Source 3 and 4 – Social Motivation and Ability
Source 3 and 4 focused on social motivation and ability. The issue is that long-standing bad habits are almost always influenced by other humans who either encourage or enable the wrong behaviors or discourage or disable the right ones. The key is to use the power of social pressure by finding strength in numbers.
3 Key Strategies
- Strategy 1: Pave the Way. Be the first to behave a new way.
- Strategy 2: Enlist the power of those who motivate. Ask, “who are the actors” and “what are the actions?” Look for potential motivators in opinion leaders, formal leaders, and your neighbors and colleagues.
- Strategy 3: Seek the support of those who enable. Ask, “who are the enablers” and ‘what are the actions?”
3 Ways Others Can Enable Us
- The wisdom of the Crowds. According to James Surowiecki, under the right circumstances, groups are smarter than smart individuals. Sample the market over seek expert advice. Build “wise” groups by ensuring diversity.
- Encourage synergy. To do so, brainstorm, maximize diversity, and seek a third option.
- Get feedback. To do so, ask close colleagues, form sample groups, and learn from critics.
Additional notes
- Can one person who disagrees in an effective way, make it safe for others? Here we watched an experiment based on an earlier experiment by Solomon Asch By disagreeing skillfully and respectfully, one person in a group can make it safe for others. When one person lead by example, saying, “I see it differently, but I think …”, 95% gave their opinion.
- 5 kinds of adopters. Dr. Everett Rogers found 5 kinds of adopters: 1) innovators, 2) early adopters, 3) early majority, 4) late majority, and 5) laggards.
- Engage opinion leaders.
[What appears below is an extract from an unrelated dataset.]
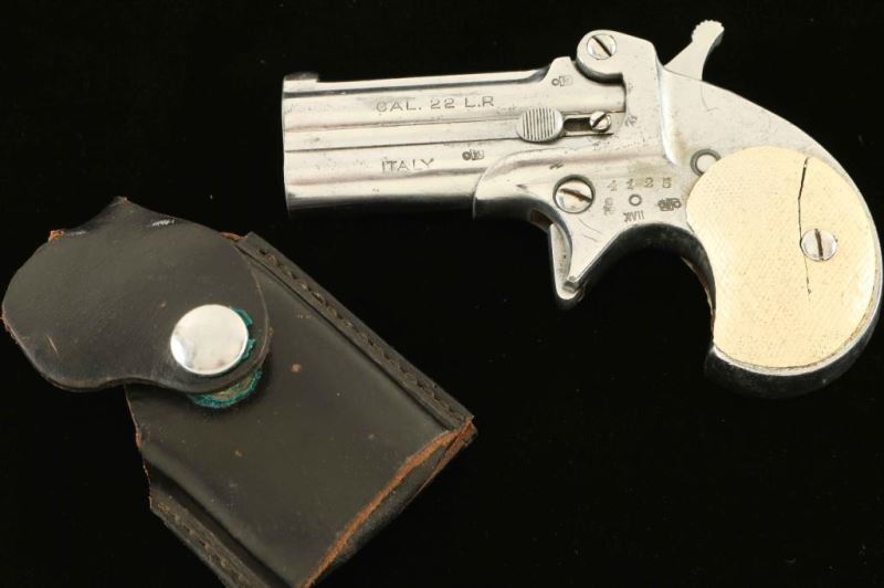 Vintage Italian made over/under double barrel derringer chambered in .22 Long Rifle, circa 1961. Features a nickel plated finish, 2 7/8" barrels, manual extractor, fixed sights, auto-rotating barrel selector on the hammer, smooth spur trigger and two-piece checkered faux ivory grips. Includes a smooth black leather belt loop holster dated 1963. The derringer retains the majority of it's nickel finish exhibiting some finish loss around the muzzle and heavy handling marks throughout. Action performs well, bores are very good and the plastic grips are fair with worn points & a large crack in the left panel. Condition is near NRA Good. ***C&R Firearm***

To rapidly create widespread adoption of vital behaviors, find and engage opinion leaders. You don’t need to meet with and affect everyone you’re trying to influence. Enlist the power of opinion leaders to help you make change happen.
- Change follows an S-curve. It starts out slowly, rapidly accelerates, and then levels off.
- Build “wise” groups. Ensure diversity and maximize independence (by limiting the power of officials or authorities.)
Source 5 – Structural Motivation
Source 5 focused on structural motivation. The key influence challenge is that rewards, incentives and costs can encourage the wrong behaviors or discourage the right ones. The key is to ensure that costs and incentives support desired behaviors.
3 Key Strategies
- Strategy 1: Link rewards third and in moderation. It’s more important that people are doing the right things from personal motivation than external rewards.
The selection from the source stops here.